··· EXTRACTED MATERIAL ···

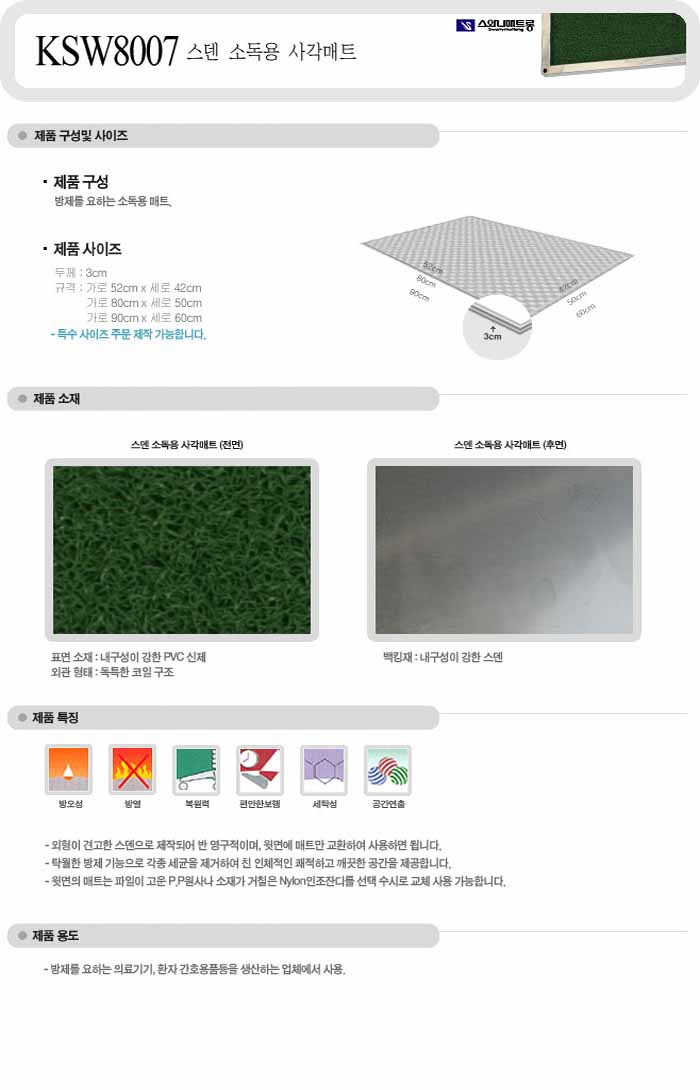 [½º¿Í´Ï] ½ºÅÙ ¼Òµ¶¿ë »ç°¢ ¸ÅÆ®(KSW8007, 420mmx520mm)
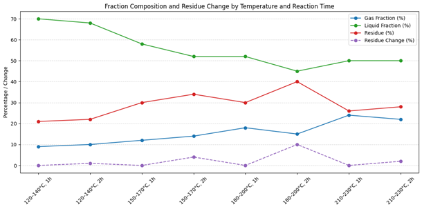 Additionally, the pyrolysis process was carried out at different times and temperatures, and the results were analyzed. Changes in reaction time and temperature during pyrolysis were found to have a significant impact on the composition of the products, including the yields of gas, liquid, and resin fractions (Figure 5).
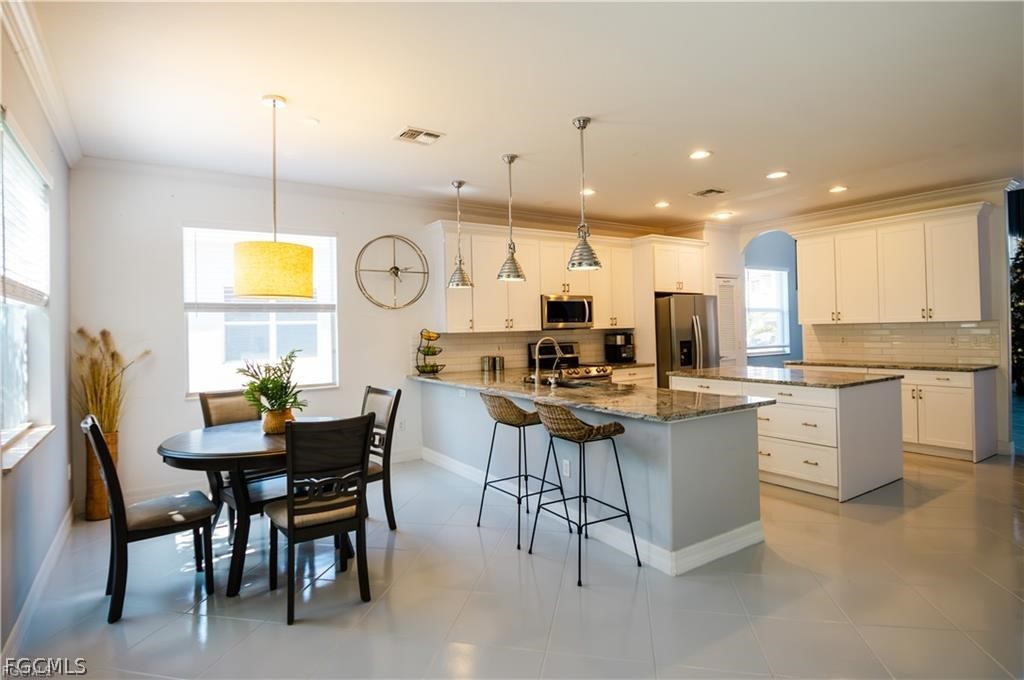 This stunning 4-bed, 4-bath home in gated Olympia Pointe offers ~3,000 sq ft of luxury living. Features updated kitchen with granite counters, stainless appliances, a fireplace feature wall, and fresh exterior paint. Spacious layout with room for a pool, 2-car garage, and extra-wide driveway. Just minutes from Fort Myers International Airport, enjoy low HOA fees, a 4,000 sq ft amenities center with pool, fitness, and clubhouse. Move-in ready—don’t wait, schedule your tour today!
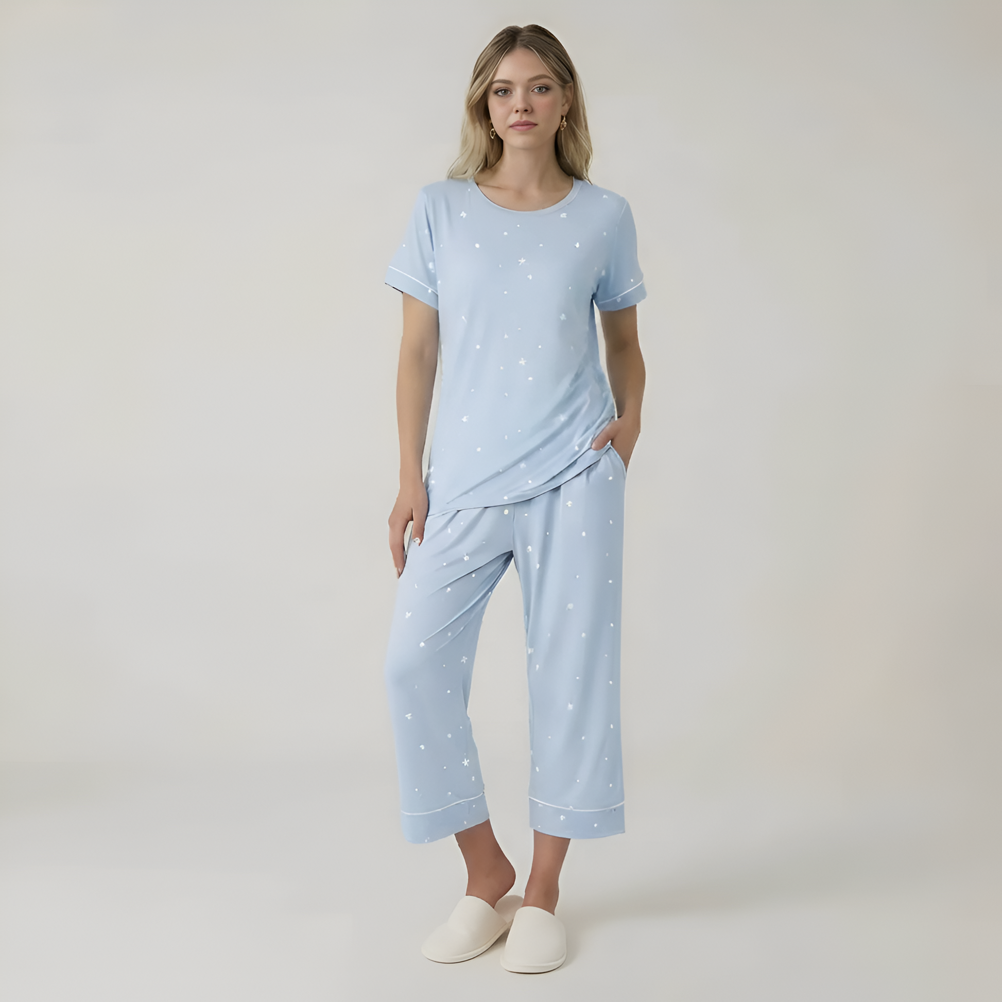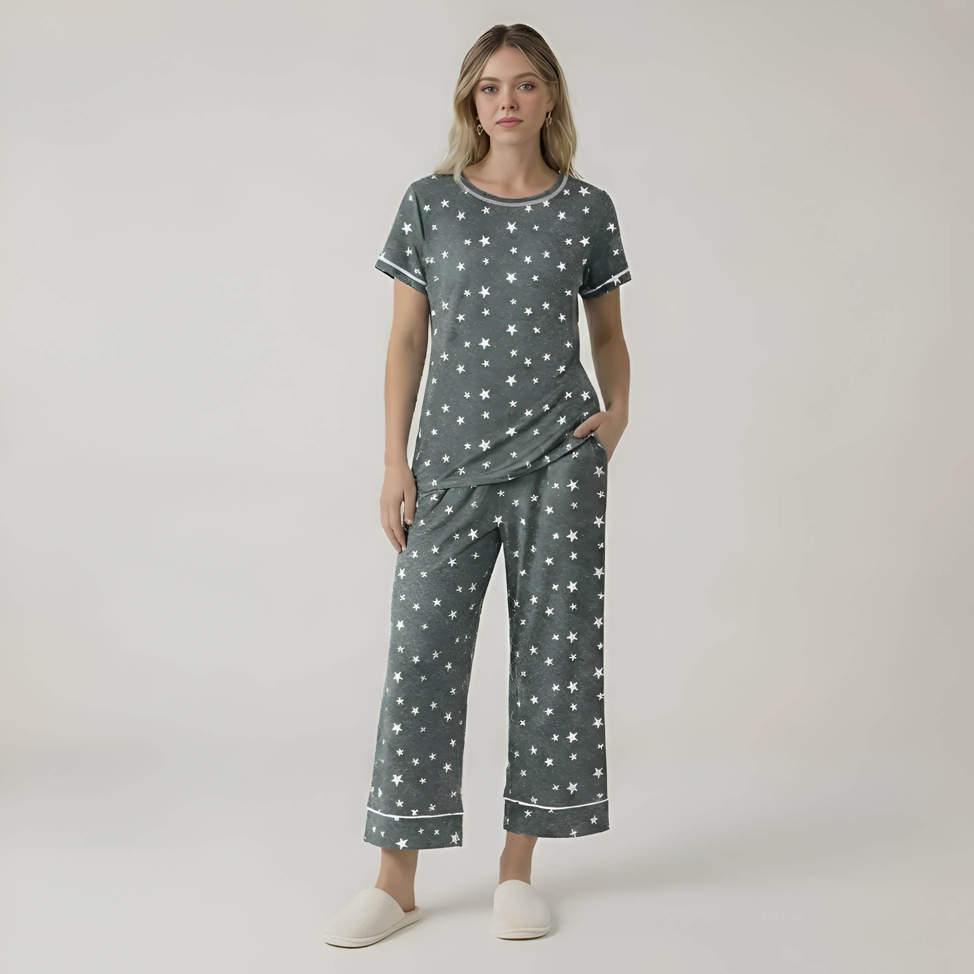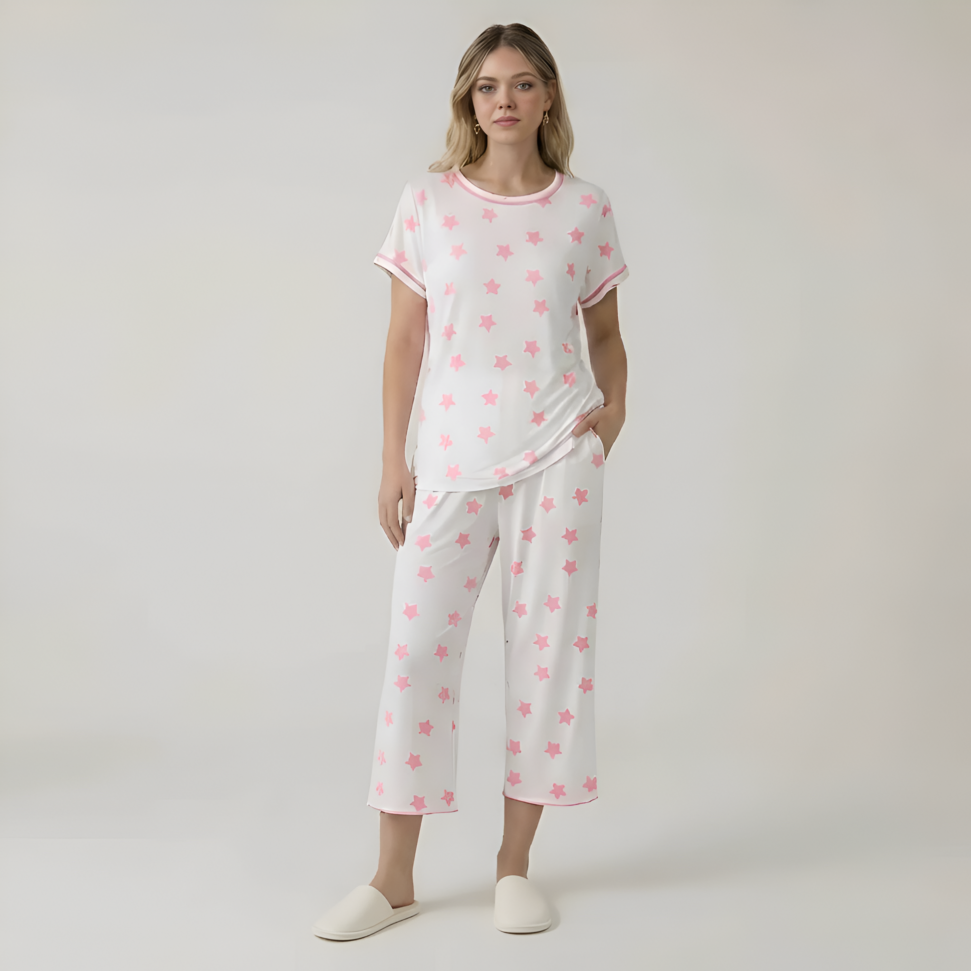Short Sleeve Star Printed Capri Pajama Set For Women
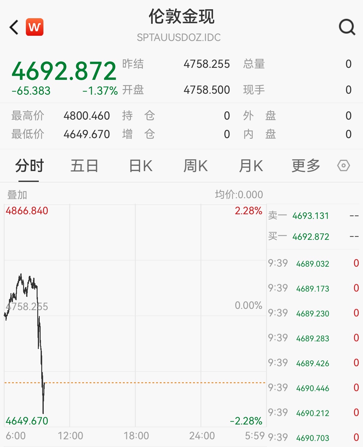 北京时间4月2日,现货黄金盘中突然跳水由红转绿,截至9:39,跌超1%,报4692.87美元/盎司,布油直线拉升,一度站上106美元关口,目前大涨超4%,报105.31美元。
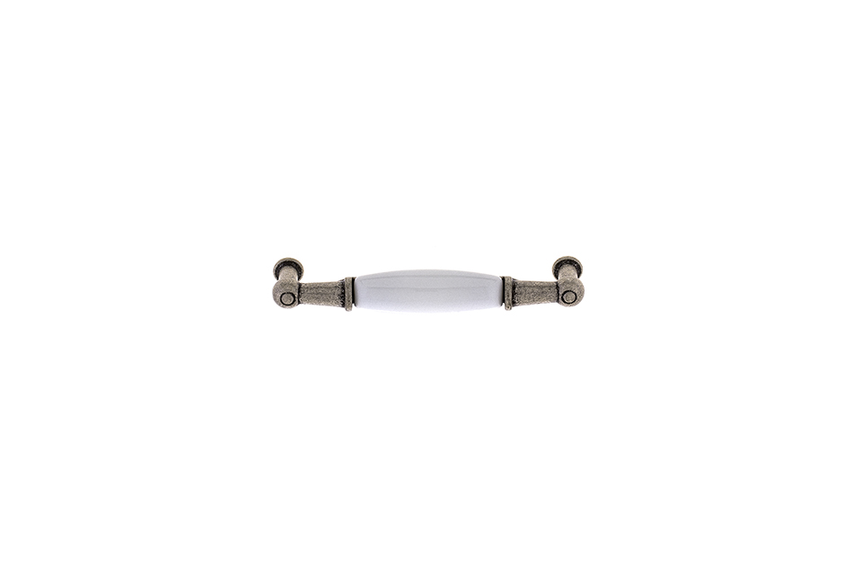 úchytka rozteč 96 mm, délka 107, šířka 18 mm, výška 27 mm, povrch starostříbro/porcelán bílý. šroubky nejsou součástí balení

···

**TASK ITEM**.
Nothing but the lines from the start of the listing through the line with "Additionally, the pyrolysis" belongs in the answer, each one retyped exactly and without pictures.

**THE COMPLETED TASK**.
 [½º¿Í´Ï] ½ºÅÙ ¼Òµ¶¿ë »ç°¢ ¸ÅÆ®(KSW8007, 420mmx520mm)
 Additionally, the pyrolysis process was carried out at different times and temperatures, and the results were analyzed. Changes in reaction time and temperature during pyrolysis were found to have a significant impact on the composition of the products, including the yields of gas, liquid, and resin fractions (Figure 5).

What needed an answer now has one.